To fight these destructive forces, Hill admitted, is challenging; oftentimes people who fight for change find themselves alone, without support, and burdened by what Hill called an obsession with self-reference that doesn’t allow people to hear the voices of others – especially the most vulnerable.

“We’ve created a world where poor voices are not being heard,” Hill said.

“The biggest problem in the world today is that there are too many people who don’t do anything,” he added later.

As an academic, though, Hill sees part of his job as examining, understanding and fighting the deeply entrenched forces that perpetuate both cultural problems and social indifference.

One such area of his professional work is the country’s justice system. If we can reimagine what justice is, Hill said, then we can begin to work against socially destructive problems that are not solved by incarceration alone.

“My work as a scholar,” he said, “and my work as an activist, ultimately hovers around this commitment to making a world that is more just, more fair, more whole by offering dangerous, at times, and hopefully counterintuitive, analyses and solutions to the public and its problems.”

This being said, Hill emphasized that society should not be afraid to imagine a world where things like prison do not exist. If we can rethink how we go about working for justice, then we can live in an entirely new world, he said.

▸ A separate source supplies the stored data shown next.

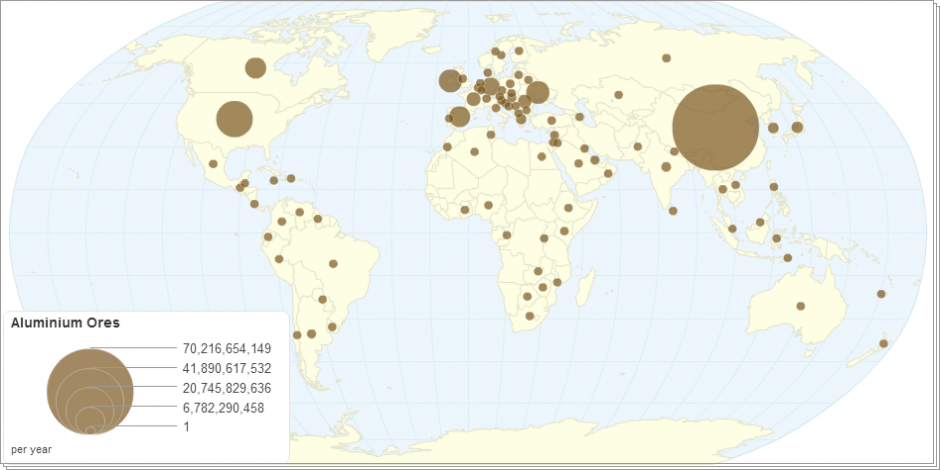 This chart shows aluminium ores import and export by country.
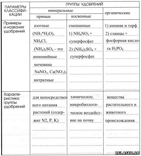 5. Предложите классификацию азотных удобрений (используйте приложение к учебнику или найдите необходимую информацию с помощью Интернета). Дайте краткую характеристику каждой группы удобрений, заполнив таблицу «Классификация удобрений».
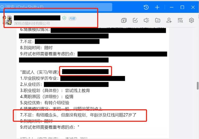 除此之外,一位与小A同被辞退的同事曾担任过面试官,向界面教育提供了一张编程猫对应聘者的评价截图,指出该女生存在“不足”,”有结婚念头,但是没有规划,年龄涉及红线问题27岁了。”
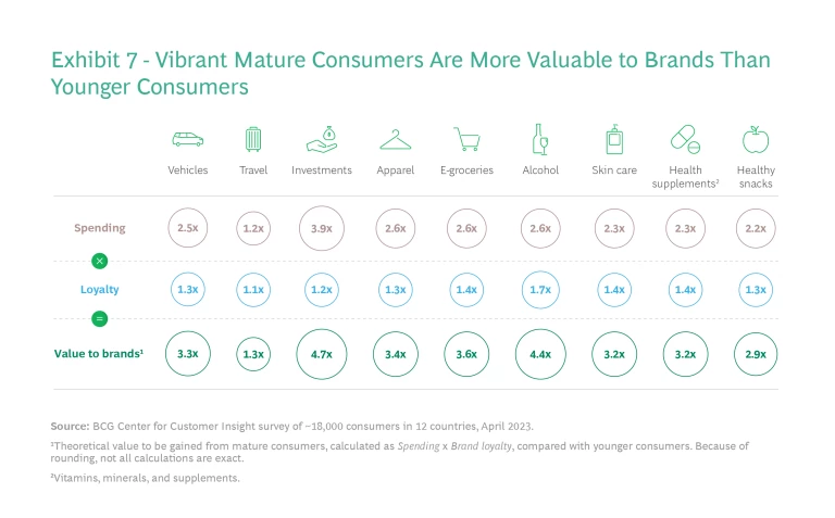 The value of vibrant mature consumers is especially great, thanks to their combination of high spending and high loyalty. We estimate that the average vibrant mature consumer is roughly three times as valuable to apparel, healthy snacks, health supplements, and skin care brands as the average young consumer, and more than four times as valuable to alcohol beverage and investment brands. (See Exhibit 7.)
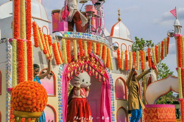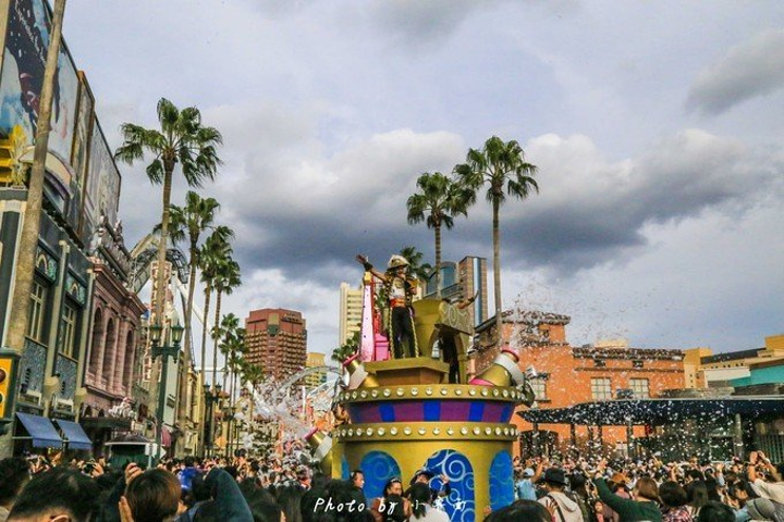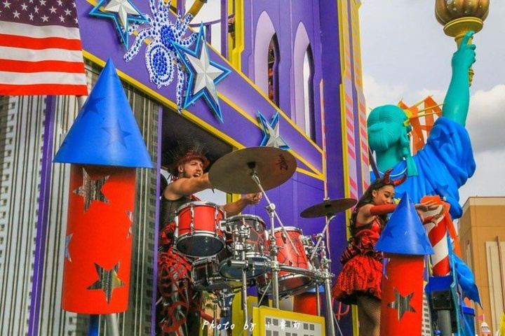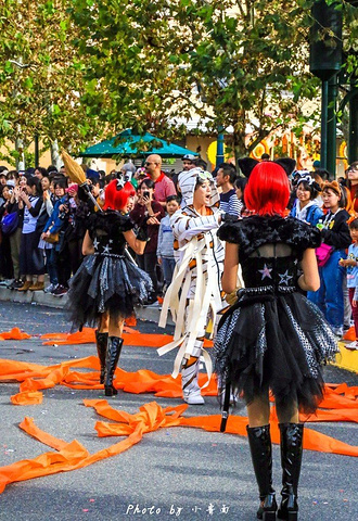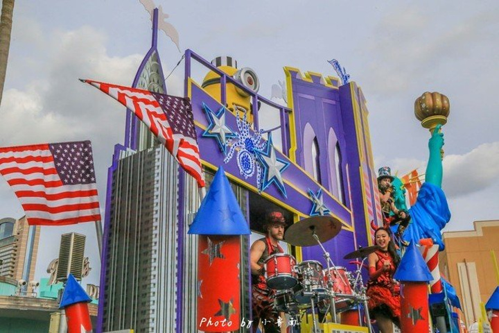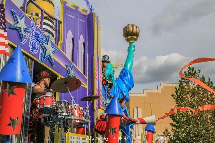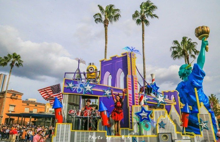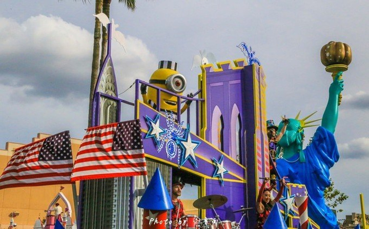 从哈利·波特的魔法世界出来刚好赶上下午两点多的花车游行,现场气氛相当火爆。
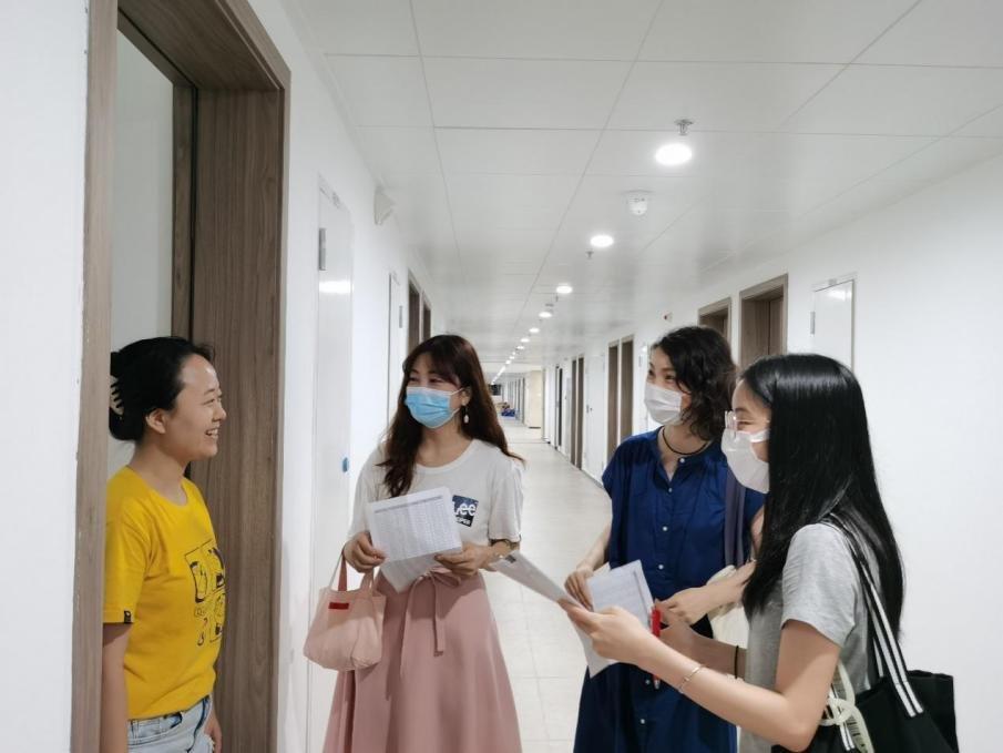 9月1日下午,外国语学院党委书记黄山、副院长金檀与学院团委书记林璐前往硕博士新生男生宿舍进行走访慰问;院长助理江晖、研究生班主任王欣、研究生科研助理沈丽娜于当晚走访学院硕博新生女生宿舍。在各个寝室,老师们亲切地询问新生们的求学经历和校园适应情况,并热心解答疑问,有针对性地提出意见和建议。外院硕博士新生宿舍位置相对集中,老师们鼓励新生彼此在学习上相互勉励,在生活上相互照应。新生们则普遍表示,寝室条件超乎预期,非常满意,自己一定会在良好的学习环境之中奋发图强,更上一层楼。
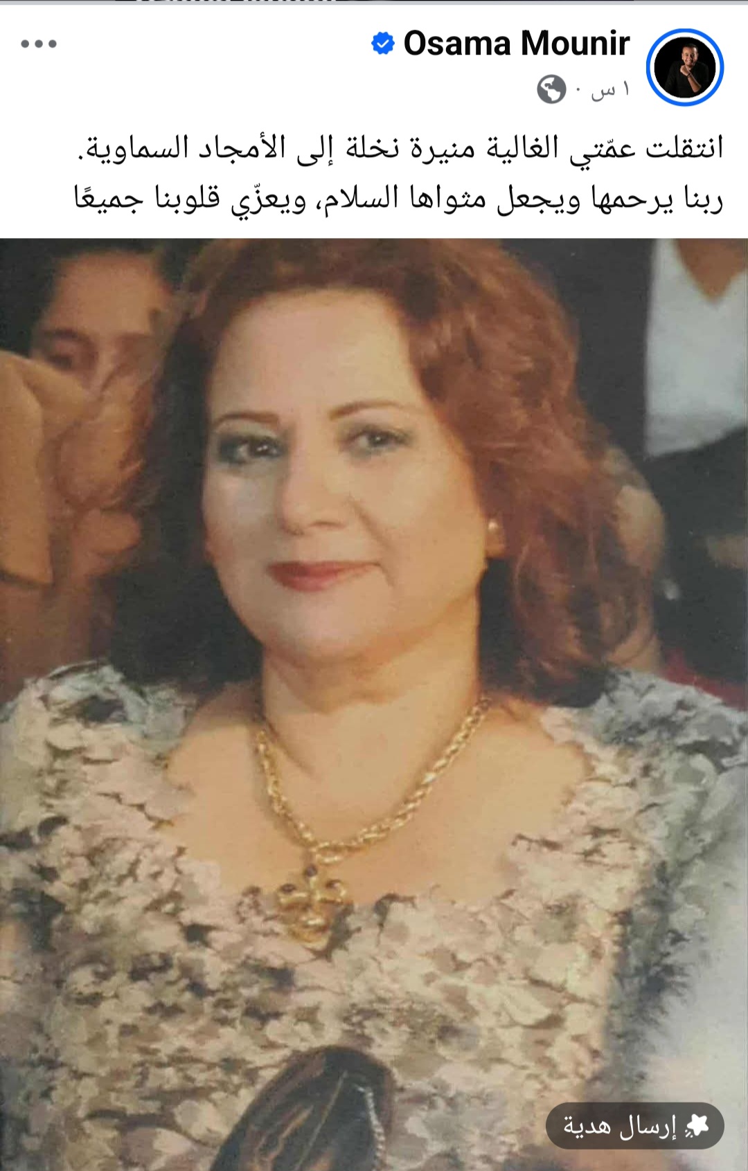 نشر الإعلامي أسامة منير تعليقا عبر صفحته على موقع التواصل الاجتماعي فيسبوك يعلن فيه رحيل عمته.

“What I’m saying is there might be a way to imagine the world outside of prison, outside of whiteness, outside of masculinity, outside of hyper-capitalism,” he said. “There might be a way of reimagining the world that we haven’t considered and my job … is to use anything I have in the service of that because that’s my freedom dream; that’s how I see the world getting better; that’s how I see change happening; that’s how I understand justice.”